Non-pivotal columns of a row-reduced matrix in relation to linear independence

Question

My understanding is that when row-reducing a matrix, the non-pivotal columns correspond to "dependent" columns in the original matrix. In particular, if I construct a matrix $A$ with three linearly independent columns in $\mathbb{R}^3$, say $v_1, v_2, v_3$, then the third column of the row-reduced matrix may be $(2,3,0)$. I know that I can then read off $$ v_3 = 2v_1 + 3v_2. $$ This is something I've accepted, but I do not understand why this is the case. Why does a pivotal column correspond to an "independent" column and a non-pivotal column to a "dependent" column?

Answer 1

Recall that Gaussian elimination puts each pivot to the right of the preceding one, with all zeros underneath. Label the pivot columns of an echelon matrix $A$ as $A_{1}, \dots, A_{n}$ and consider a generic pivot column $A_{j}$ with pivot in row $k$, $A_{j_{k}}$.
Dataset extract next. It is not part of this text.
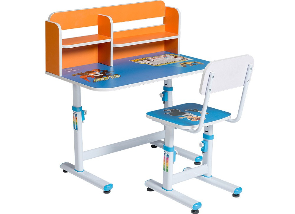Mặt bàn và đệm tựa ghế sử dụng gỗ Melamine in hình con giống.

Any linear combination of the pivot columns to the left of $A_{j}$ gives zero in the pivot row $k$ since zeros are underneath the pivots in each $A_i$ with $i<j$. On the other hand, if the last row in $A_j$ is to be zero, then $A_j$ can't be written as any non-zero multiple of the last pivot column. Similarly, if the second to last row in $A_j$ is to be zero, then it can't be written as any non-zero multiple of the last two pivot columns (since we already know the last column must be zero). Continuing in this fashion we see any non-trivial linear combination of the pivot columns $A_i$ with $i>j$ results in non-zero entries under $A_{j_k}$. This proves the pivot columns are independent.